Aim of the task: In your copy, leave out the pictures; write out all the data exactly.

Data extract:
####

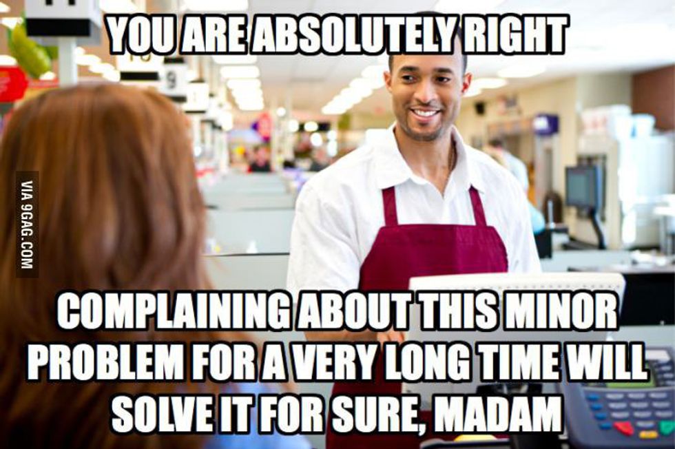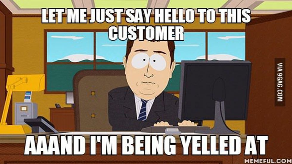 When you are rude to us, of course we will not be the happiest person. If you are nice to us, we will be happy to help you. I have noticed that the people you would not imagine to be nice, are the nicest people. I have had customers that had tons of tattoos and piercings be nicer than the elderly. Not all elderly are rude, but a lot have been rude to me and my coworkers. There are surprises to dealing with the public. Some people are beyond rude, while some are really friendly. The friendly ones do outweigh the rude ones. I love doing my job, but I don't like dealing with rude people. While I do have stories on rude customers, I also have stories on great customers. Always be nice to us. We are trying to get by, so be nice.
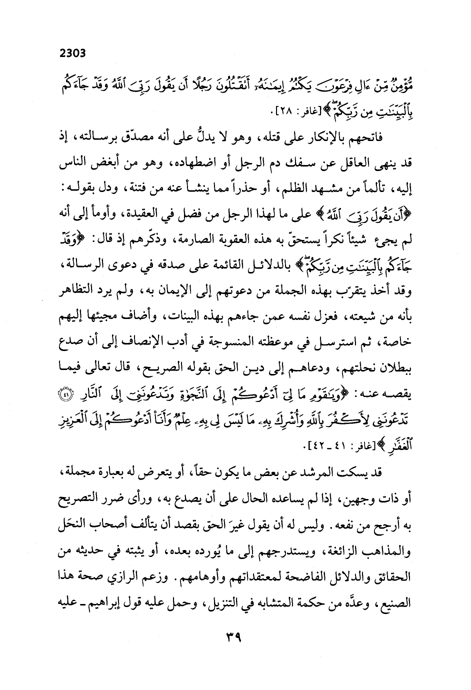 فاتحهم بالإنكار على قتله، وهو لا يدلُّ على أنه مصدّق برسالته، إذ قد ينهى العاقل عن سفك دم الرجل أو اضطهاده، وهو من أبغض الناس إليه، تألماً من مشهد الظلم، أو حذراً مما ينشأ عنه من فتنة، ودل بقوله: {أَنْ يَقُولَ رَبِّيَ اللَّهُ} [غافر: 28] على ما لهذا الرجل من فضل في العقيدة، وأومأ إلى أنه لم يجئ شيئاً نكراً يستحقّ به هذه العقوبة الصارمة، وذكّرهم إذ قال: {وَقَدْ جَاءَكُمْ بِالْبَيِّنَاتِ مِنْ رَبِّكُمْ} [غافر: 28] بالدلائل القائمة على صدقه في دعوى الرسالة، وقد أخذ يتقرّب بهذه الجملة من دعوتهم إلى الإيمان به، ولم يرد التظاهر بأنه من شيعته، فعزل نفسه عمن جاءهم بهذه البينات، وأضاف مجيئها إليهم خاصة، ثم استرسل في موعظته المنسوجة في أدب الإنصاف إلى أن صدع ببطلان نحلتهم، ودعاهم إلى دين الحق بقوله الصريح، قال تعالى فيما يقصه عنه: {وَيَاقَوْمِ مَا لِي أَدْعُوكُمْ إِلَى النَّجَاةِ وَتَدْعُونَنِي إِلَى النَّارِ (41) تَدْعُونَنِي لِأَكْفُرَ بِاللَّهِ وَأُشْرِكَ بِهِ مَا لَيْسَ لِي بِهِ عِلْمٌ وَأَنَا أَدْعُوكُمْ إِلَى الْعَزِيزِ الْغَفَّارِ} [غافر: 41، 42].
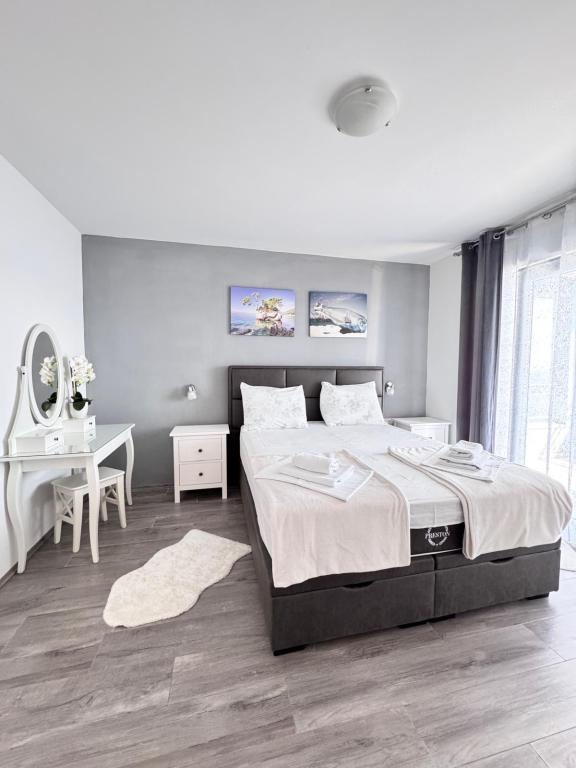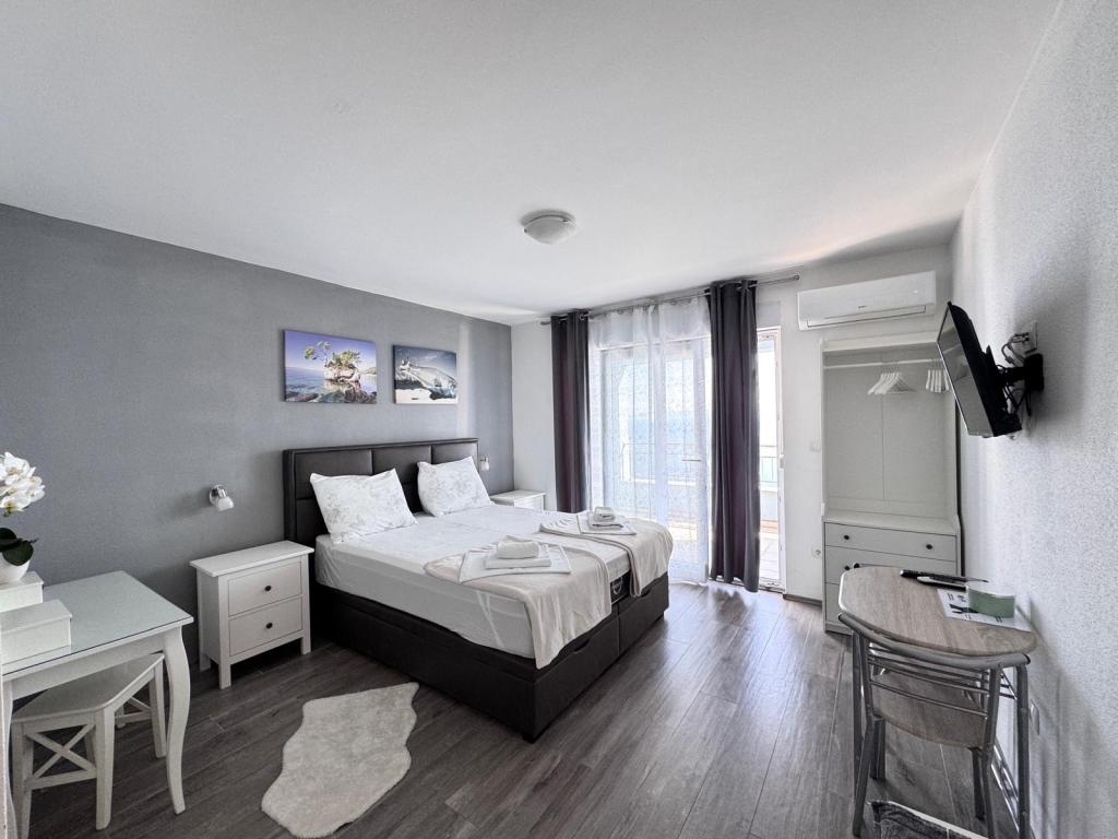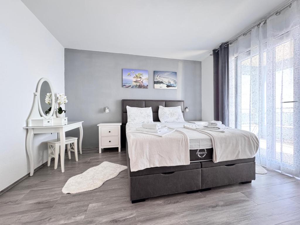VILLA Orada fenyvesekkel körülvéve, kilátással a tengerre és a dalmát szigetek csendes öbölben Podcrkavlje Donja Brela. 150 méterre a gyönyörű strandok, ahol mindenki megtalálja a neki valót, éttermek, kávézók, koktél bár, ajándéktárgyak és tárgyak a parton vízi sportok. Az apartman található, mindössze 10 percre a mini piac és az utazási irodák, ami viszont kínál kalandos rafting a Cetina folyón, közel a város, túrázás a hegy lejtőjén és egynapos kirándulások hajóval a közeli dalmát szigetekre. Brela egyedülálló a maga kristálytiszta kék tenger, gyönyörű strandok és öblök, és éppen olyan, mint egy ideális hely a nyaralás és barátságos házigazdák gondoskodik arról, hogy jól érzik magukat, és elégedett. Üdvözlünk!

####

Worked solution:
 When you are rude to us, of course we will not be the happiest person. If you are nice to us, we will be happy to help you. I have noticed that the people you would not imagine to be nice, are the nicest people. I have had customers that had tons of tattoos and piercings be nicer than the elderly. Not all elderly are rude, but a lot have been rude to me and my coworkers. There are surprises to dealing with the public. Some people are beyond rude, while some are really friendly. The friendly ones do outweigh the rude ones. I love doing my job, but I don't like dealing with rude people. While I do have stories on rude customers, I also have stories on great customers. Always be nice to us. We are trying to get by, so be nice.
 فاتحهم بالإنكار على قتله، وهو لا يدلُّ على أنه مصدّق برسالته، إذ قد ينهى العاقل عن سفك دم الرجل أو اضطهاده، وهو من أبغض الناس إليه، تألماً من مشهد الظلم، أو حذراً مما ينشأ عنه من فتنة، ودل بقوله: {أَنْ يَقُولَ رَبِّيَ اللَّهُ} [غافر: 28] على ما لهذا الرجل من فضل في العقيدة، وأومأ إلى أنه لم يجئ شيئاً نكراً يستحقّ به هذه العقوبة الصارمة، وذكّرهم إذ قال: {وَقَدْ جَاءَكُمْ بِالْبَيِّنَاتِ مِنْ رَبِّكُمْ} [غافر: 28] بالدلائل القائمة على صدقه في دعوى الرسالة، وقد أخذ يتقرّب بهذه الجملة من دعوتهم إلى الإيمان به، ولم يرد التظاهر بأنه من شيعته، فعزل نفسه عمن جاءهم بهذه البينات، وأضاف مجيئها إليهم خاصة، ثم استرسل في موعظته المنسوجة في أدب الإنصاف إلى أن صدع ببطلان نحلتهم، ودعاهم إلى دين الحق بقوله الصريح، قال تعالى فيما يقصه عنه: {وَيَاقَوْمِ مَا لِي أَدْعُوكُمْ إِلَى النَّجَاةِ وَتَدْعُونَنِي إِلَى النَّارِ (41) تَدْعُونَنِي لِأَكْفُرَ بِاللَّهِ وَأُشْرِكَ بِهِ مَا لَيْسَ لِي بِهِ عِلْمٌ وَأَنَا أَدْعُوكُمْ إِلَى الْعَزِيزِ الْغَفَّارِ} [غافر: 41، 42].
VILLA Orada fenyvesekkel körülvéve, kilátással a tengerre és a dalmát szigetek csendes öbölben Podcrkavlje Donja Brela. 150 méterre a gyönyörű strandok, ahol mindenki megtalálja a neki valót, éttermek, kávézók, koktél bár, ajándéktárgyak és tárgyak a parton vízi sportok. Az apartman található, mindössze 10 percre a mini piac és az utazási irodák, ami viszont kínál kalandos rafting a Cetina folyón, közel a város, túrázás a hegy lejtőjén és egynapos kirándulások hajóval a közeli dalmát szigetekre. Brela egyedülálló a maga kristálytiszta kék tenger, gyönyörű strandok és öblök, és éppen olyan, mint egy ideális hely a nyaralás és barátságos házigazdák gondoskodik arról, hogy jól érzik magukat, és elégedett. Üdvözlünk!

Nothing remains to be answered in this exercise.